1.  Backgorund

1.1 Problems

    As IoTDB becomes more and more complex, some system operating metric need to be monitored to improve the operational viability and robustness of the system. IoTDB does not have a relatively complete metric collector to support the collection of some system operating metric now, so it is necessary to design a set of metric acquisition system.

    There are some widely used metric acquisition library in the open source community, such as Dropwizard metrics, micrometer, and dubbo metrics, that can be considered for adaptation. Considering that IoTDB is a real-time online system, according to the experience of previously collected metrics leading to a significant drop in performance, these metrics library may not be able to meet the needs of IoTDB in terms of performance.

    Therefore, we develop a set of metric acquisition interfaces and adapt it to other mature acquisition libraries to achieve the benefits of flexible switching and easy target optimization.

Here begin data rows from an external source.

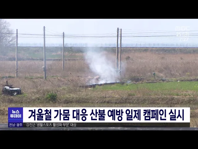 전남소방본부는 12월 2일까지 9일동안 겨울철 가뭄 대응 산불 예방 일제 캠페인을 실시합니다. 전남소방본부는 논, 밭두렁이나 각종 쓰레기 소각 금지와 산에서 연기나 불을 발견하면 즉시 신고하기 등 산불예방 수칙을 적극 홍보하고, 지도 단속에 나설 예정입니다. 또 주요 전통시장과 터미널 등 다중밀집 장소에서 겨울...
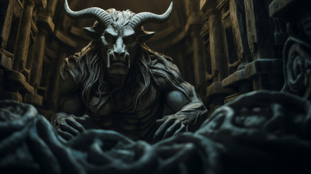 mythical Greek creature the Minotaur lurking in labyrinth
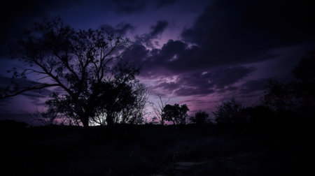 A beautiful dark tree silhouettes against the dark blue skies in dawn. Springtime scenery before the sunrise. Dark skyscape in spring in Northern Europe.

    There are several Pull requests working on the topic. Yue Su proposed a  circular array for some metrics. Julian firstly introduced micrometer for monitoring, Chao Wang then improved the design, introduced dropwizardmetrics and formed the first version of this doc. After reviewing the design, we think some of the design is complex and this doc (1) simplify the desgin and (2) compare the performance of micrometer and dropwizardmetrics.

1.2 Targets

Provides a set of metric collector interfaces.

A set of adaptation implementations based on micrometer.

A set of adaptation implementations based on dropwizard.

Test metric creation and query performance on miceometer and dropwizard.

2. Overall Design

2.1 Acquisition system

The acquisition system consists of following four parts.

2.1.1 Metrics

Provide tools for collecting metric in different scenarios, including Counter, Gauge, Meter, Histogram, Timer, each with tags.

2.1.2 MetricManager

a. Provides functions such as creating, finding, updating, and deleting metrics.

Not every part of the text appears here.